» **YOUR GOAL**:
Each line below should be repeated exactly as written, with no pictures carried over.

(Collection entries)
○ ○ ○ ○ ○ ○ ○
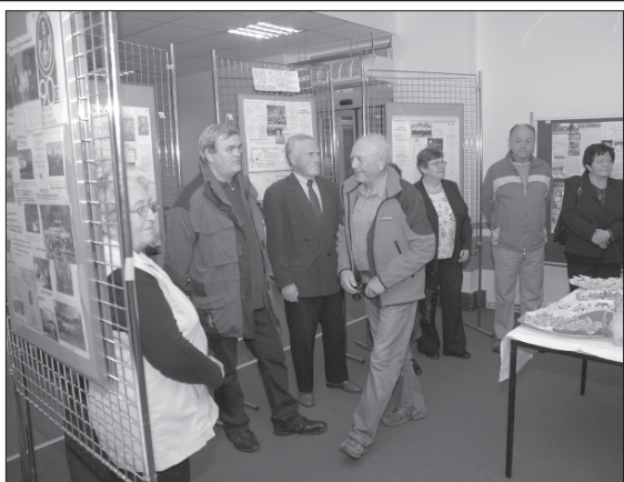
Vernisáž výstavy z historie sboru byla další z událostí, kterou si Pěvecké sdružení Kopřivnice připomenulo devadesát let své existence.
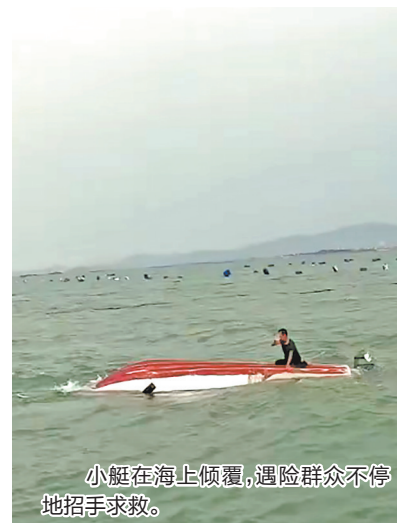
小艇在海上倾覆,遇险群众不停地招手求救。

海上危情显担当,渔民义举暖人心。泉港公安分局经过调查核实,警方于9月17日正式为救人的3位渔民颁发《见义勇为确认证书》,以表彰他们挺身而出勇救落水者的勇毅与善良。
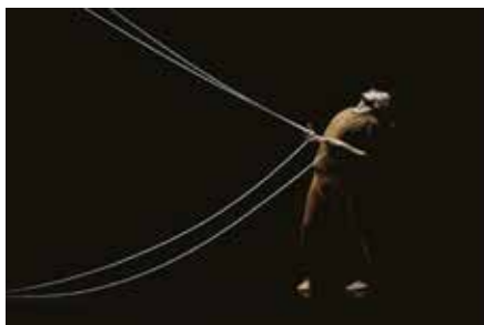
Ur föreställningen Call of the void

Vilda djur som lejon, tigrar eller björnar får inte längre användas i fransk cirkus. Den nya djurskyddslagen gäller även delfinshower. Den som bryter mot lagen kan få upp till fem års fängelse. Det uppger Sveriges Radio Kultur. I Sverige är det sedan 2018 förbjudet att ha med elefanter och sjölejon i cirkusshower, men Djurrättsalliansen vill se helt totalförbud för vilda djur även här.
○ ○ ○ ○ ○ ○ ○
» **TASK OUTPUT**:
Vernisáž výstavy z historie sboru byla další z událostí, kterou si Pěvecké sdružení Kopřivnice připomenulo devadesát let své existence.
小艇在海上倾覆,遇险群众不停地招手求救。

海上危情显担当,渔民义举暖人心。泉港公安分局经过调查核实,警方于9月17日正式为救人的3位渔民颁发《见义勇为确认证书》,以表彰他们挺身而出勇救落水者的勇毅与善良。
Ur föreställningen Call of the void

Vilda djur som lejon, tigrar eller björnar får inte längre användas i fransk cirkus. Den nya djurskyddslagen gäller även delfinshower. Den som bryter mot lagen kan få upp till fem års fängelse. Det uppger Sveriges Radio Kultur. I Sverige är det sedan 2018 förbjudet att ha med elefanter och sjölejon i cirkusshower, men Djurrättsalliansen vill se helt totalförbud för vilda djur även här.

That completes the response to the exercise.